✧ CATE ✧
O segundo dia na Domus Umbrae começou com uma leve ansiedade a pulsar no meu peito. Desde o momento em que abri os olhos, senti o peso da responsabilidade crescer, como se tudo o que aprendesse a partir de agora fosse crucial para o que estaria por vir.
Quando saí do quarto, não tinha encontrado Margarita ao pequeno-almoço, não a via desde a aula de ontem com Lysander, mas achei que poderia ter outras obrigações.
Após beber apenas um café pois não tinha fome alguma, dirigi-me então para a Sala do Saber Arcano, conforme indicado.
A sala era um espaço impressionante. As paredes de pedra antiga estavam cobertas de estantes repletas de livros e pergaminhos, alguns tão velhos que parecia que poderiam desintegrar-se com um toque. No centro da sala, havia uma mesa grande de madeira escura, cercada por cadeiras, e em cima dela estavam mapas, cartas estelares e objetos mágicos. A luz suave das lâmpadas flutuantes iluminava o ambiente de forma quase etérea.
Laurus, o meu instrutor, estava à minha espera, com o seu olhar severo e o cabelo grisalho, de pé ao lado da mesa, com as mãos cruzadas atrás das costas. Tinha uma presença imponente, mas os olhos brilhavam com um certo entusiasmo que eu começava a associar aos eruditos.
— Bom dia, Cate, — cumprimentou ele, com um sorriso amável. — Hoje vamos abordar uma lição importante. Quero explicar-te como a magia se manifesta em Astralis, as suas divisões e influências. É um conhecimento essencial para compreenderes a tua própria natureza.
Assenti e sentei-me, ansiosa por aprender. A minha cabeça ainda fervilhava com as memórias dos últimos dias, mas sabia que precisava de respostas.
— Vamos começar pelos fundamentos, — disse Laurus, puxando um mapa antigo do mundo e estendendo-o na mesa à minha frente. — Em Astralis, existem três tipos principais de seres: os humanos, que não possuem magia; os Stellaris comuns, que têm acesso à magia básica; e os Stellaris com constelações, que são mais raros e possuem poderes específicos relacionados às suas estrelas.

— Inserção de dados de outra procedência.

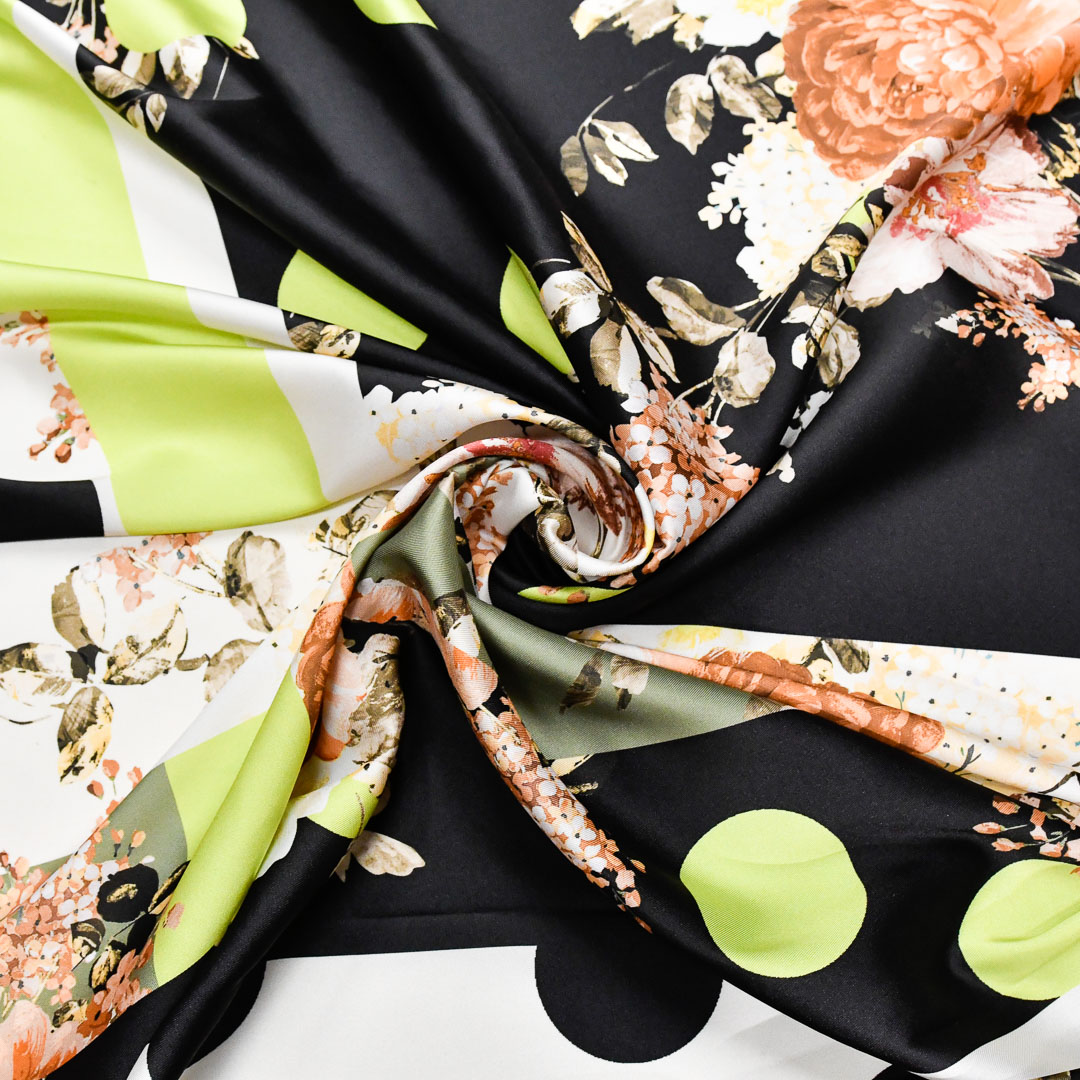 Tessuto Satin a fantasia motivo floreale nero – mela – rosa
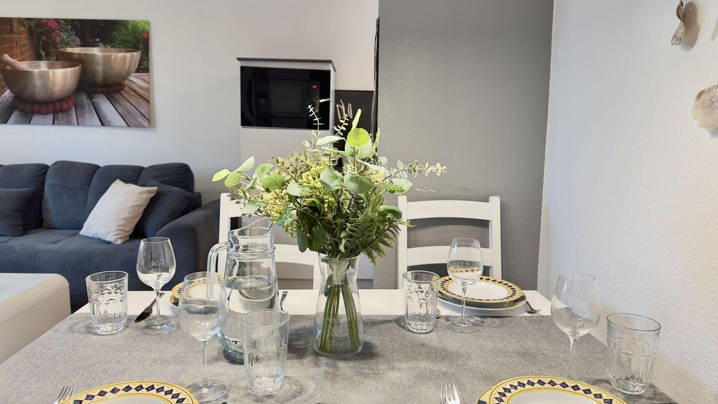 Die angrenzende Essgruppe bietet ausreichend Platz für gemeinsame Mahlzeiten oder gemütliche Spieleabende mit der Familie.
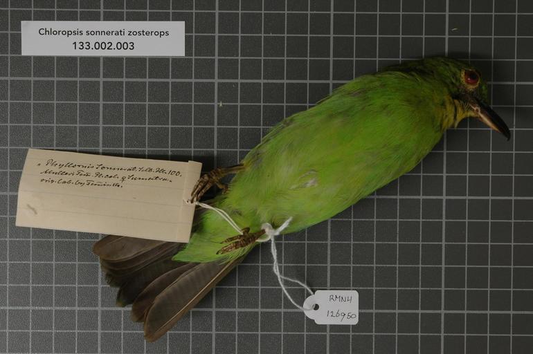 Keywords: Naturalis Biodiversity Center - RMNH.AVES.126950 2 - Chloropsis sonnerati zosterops Vigors & Horsfield, 1830 - Irenidae - bird skin specimen.jpeg artwork Dimensions artwork Document type Irenidae Chloropsis Individual count 1 Infraspecific epithet zosterops Infraspecific rank Kind of unit artwork Kind of unit specimen skin Life stage Indonesia W Sumatra Medium artwork Nomenclatural code Additional label info Phyllornis Sonnerat Selb Hl 100 Mulleri Temm Pl col female Sumatra orig lab by Temminck Sex remark on label female lab Occurrence ID Other fields Other versions artwork Permission license Naturalis donation CC-0 Publication location Scientific name Chloropsis sonnerati zosterops Vigors Horsfield 1830 Scientific name authorship Vigors Horsfield 1830 female Source url Specific epithet sonnerati State or province W Sumatra Subject keywords artwork Subject keywords publication Title artwork Title publication Type status Uploaded with GWToolset Naturalis_Biodiversity_Center_-_RMNH AVES 126950_2_-_Chloropsis_sonnerati_zosterops_Vigors_ _Horsfield _1830_-_Irenidae_-_bird_skin_specimen http //medialib naturalis nl/file/id/RMNH AVES 126950_2/format/large Media donated by Naturalis Biodiversity Center Songbird specimens at Naturalis Biodiversity Center Chloropsis sonnerati Chloropsis |
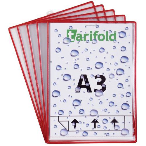 | Productnaam | Drypocket vochtbestendig frame hangend Tarifold A3 verticaal, Zelfklevend: nee, Materiaal: PVC |
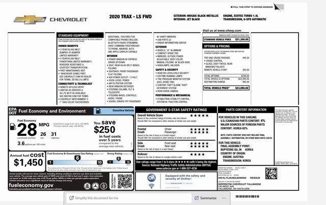 This Mosaic Black Metallic 2020 Chevrolet Trax LS CLEAN CARFAX!, Backup Camera, REMOTE START, 4D Sport Utility, ECOTEC 1.4L I4 SMPI DOHC Turbocharged VVT, 6-Speed Automatic, FWD, 16 Aluminum Wheels, 4-Way Manual Driver Seat Adjuster, 6 Speakers, 6-Speaker Audio System Feature, ABS brakes, Air Conditioning, Apple CarPlay/Android Auto, Cloth Seat Trim, Delay-off headlights, Dual front side impact airbags, Electronic Automatic Cruise Control, Emergency communication system: OnStar and Chevrolet connected services capable, Exterior Parking Camera Rear, Front wheel independent suspension, Occupant sensing airbag, Outside temperature display, Premium audio system: Chevrolet MyLink, Remote keyless entry, Remote Vehicle Starter System, Security system, Steering wheel mounted audio controls, Tilt steering wheel, Traction control.

Laurus apontou para diferentes partes do mapa, como se cada região estivesse associada a uma energia diferente.
— Todos os Stellaris possuem uma base mágica, — continuou ele. — Aqueles sem constelação têm habilidades limitadas e geralmente ligadas ao seu signo do zodíaco. Por exemplo, os signos de fogo conseguem manipular chamas de forma básica, enquanto os de água têm algum controlo sobre os líquidos. Os poderes são influenciados pela natureza do elemento associado ao signo.
Interrompi-o, com uma pergunta que me surgiu de repente.
— E quanto a quem tem uma constelação? Os poderes também são influenciados pelo signo?
Laurus sorriu, como se estivesse à espera da pergunta.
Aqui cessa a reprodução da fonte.